Kahn argues that an imminent threat to the public health, such as the global H1N1/swine flu outbreak, is no time for a muddled chain of command and contradictory decision-making. "Who's In Charge?" explores the crucial relationships between political leaders, public health officials, journalists, and others to see why leadership problems occur during public health emergencies.

===Interests===
- Global Sustainability
- Food safety
- Food security
- Antimicrobial resistance
- Emerging infectious disease
- Climate change
- Vector (epidemiology)
- Human animal and environmental health (i.e. One Health)
- Leadership during epidemics and public health crises

===Volunteer===
2000 to 2016; volunteer serving with the Princeton Board of Health. The Board meets to review; (updated data, and public health issues). It makes recommendations and policies.
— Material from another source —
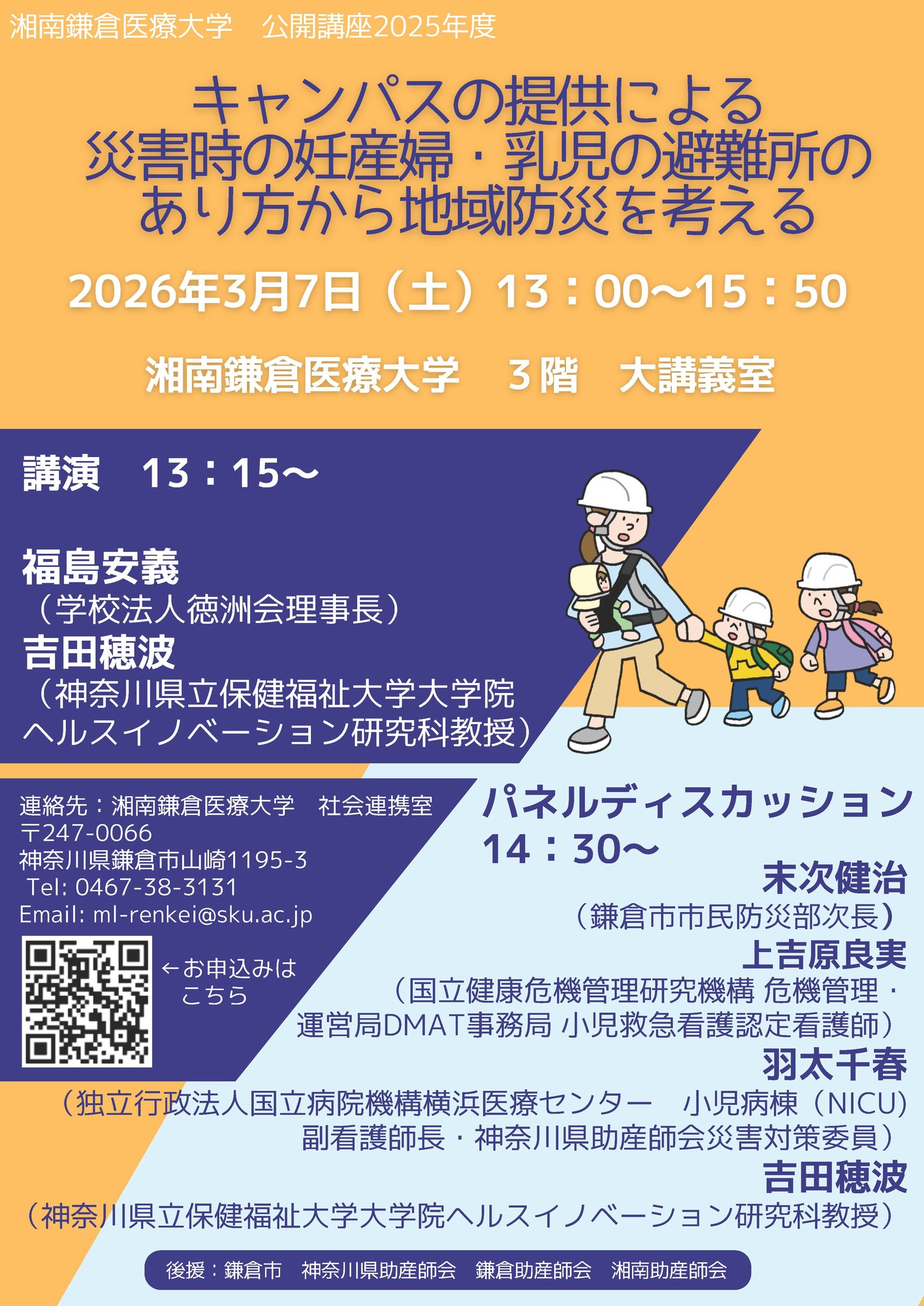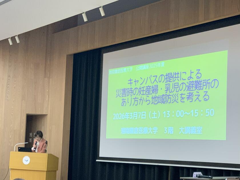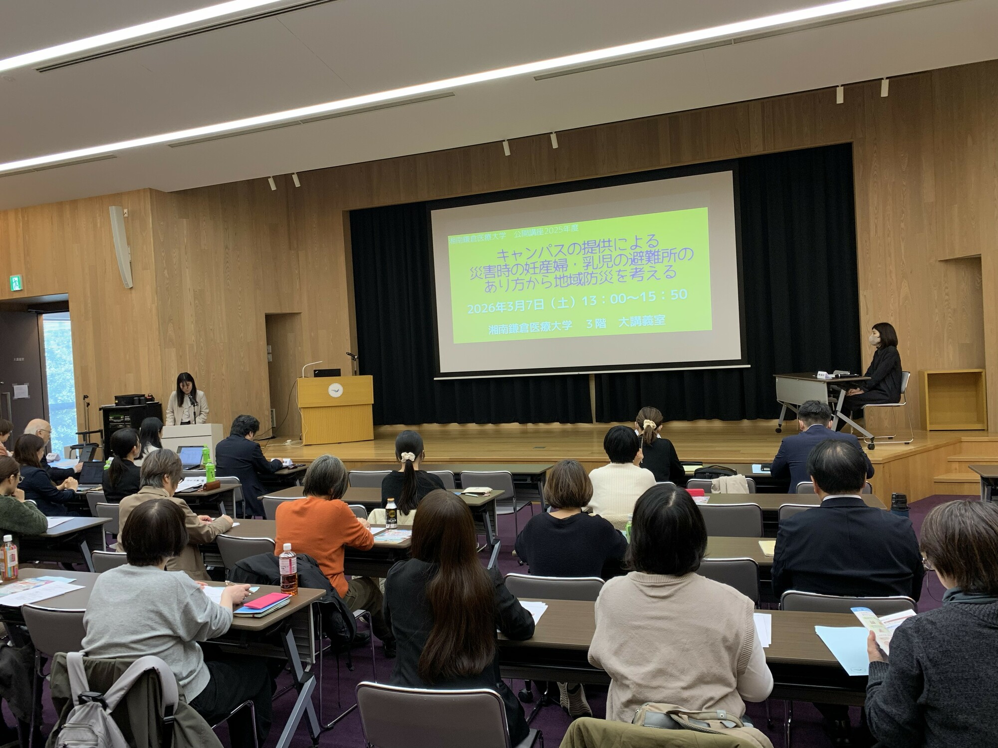 2026年3月7日(土)13:00~ 本学(湘南鎌倉医療大学)3階の大講義室にて、公開講座「キャンパスの提供による災害時の妊産婦・乳児の避難所のあり方から地域防災を考える」を開催しました。

They assist health officers in an event of a serious outbreak with influenza, etc. with response plans and policies.

==Awards==
Her course "Hogs, Bats, and Ebola: An Introduction to One Health policy," was awarded by Princeton University for Innovation in Undergraduate Education
In 2010, Kahn was given the American Veterinary Epidemiology Society (AVES) award and given an honorary diploma for One Health
In 2014, Presidential Award for Meritorious Service from the American Association of Public Health Physicians
In 2016, the American Veterinary Epidemiology Society (AVES) the K.F. Meyer-James H. Steele Gold Head Cane Award.